The minister said NSFAS funding was primarily provided for students registered for a first undergraduate qualification, although in the past, the scheme had been extended to “some limited second qualifications in key areas”.

He said that in 2021 there would be no funding for new entrants in second or postgraduate qualifications, as the qualifications were the responsibility of the National Research Foundation.

However, students who were registered (continuing) with postgraduate degrees would be funded if they met the qualifying criteria.

The three students argued that they had a legitimate expectation that the NSFAS would fund their LLB studies, as the degree was a “professional requirement” for employment as lawyers.

They argued that, if it were not for the 2021 guidelines, they would all be eligible for NSFAS funding as they were under the 2020 guidelines.

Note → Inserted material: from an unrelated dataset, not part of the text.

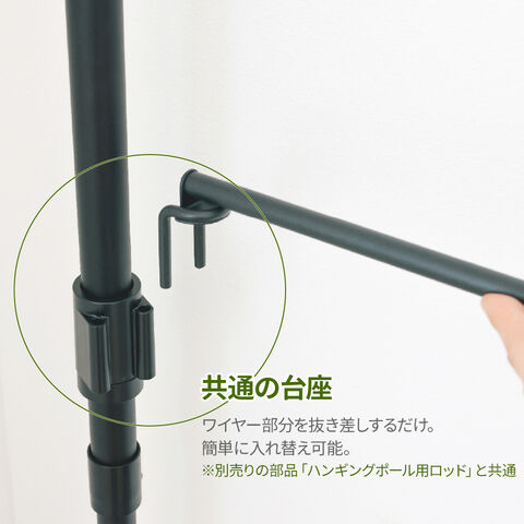 共有の台座別売りの部品「ハンギングポール用シェルフ」と共通の台座なので、ワイヤー部分を抜き差しするだけで簡単に入れ替えできます。

They maintained that the minister and the NSFAS board had failed to act in a procedurally fair manner in that they had never afforded the affected students an opportunity to make representations before the decision was made.

But Judge Nambitha Dumbuza, in a concurring judgment, said that from the minister’s first media statement in March 2021, there was a likelihood that even first-time entry students were at risk of not being funded.

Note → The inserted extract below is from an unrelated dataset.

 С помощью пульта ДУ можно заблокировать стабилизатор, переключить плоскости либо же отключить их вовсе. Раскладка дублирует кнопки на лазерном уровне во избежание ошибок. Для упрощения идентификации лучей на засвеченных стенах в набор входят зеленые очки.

A few days later, he had announced that the department’s budget had been approved and he had been given the scope of how the 2021 funding scheme would be structured.

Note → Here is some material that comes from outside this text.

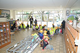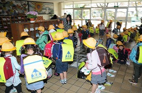 給食後、1年生が下校しました。

Judge Dumbuza said it would have been impractical, in those circumstances, to afford the general student body an opportunity to make representations, given that it was past the usual start of the academic year and the determination of beneficiaries that had to be done.

Thus, timeous invitation for representations from potentially affected students had been unattainable.

But there had been consultations with student bodies which constituted a reasonable and justifiable form of compliance with the requirement of procedural fairness. Consultation with student representative bodies was an acceptable form of communicating with students, the court said.

In upholding the appeal, Judge Dambuza said the extent of the limitation of the constitutional right to further education, although seemingly harsh on those affected, was reasonable.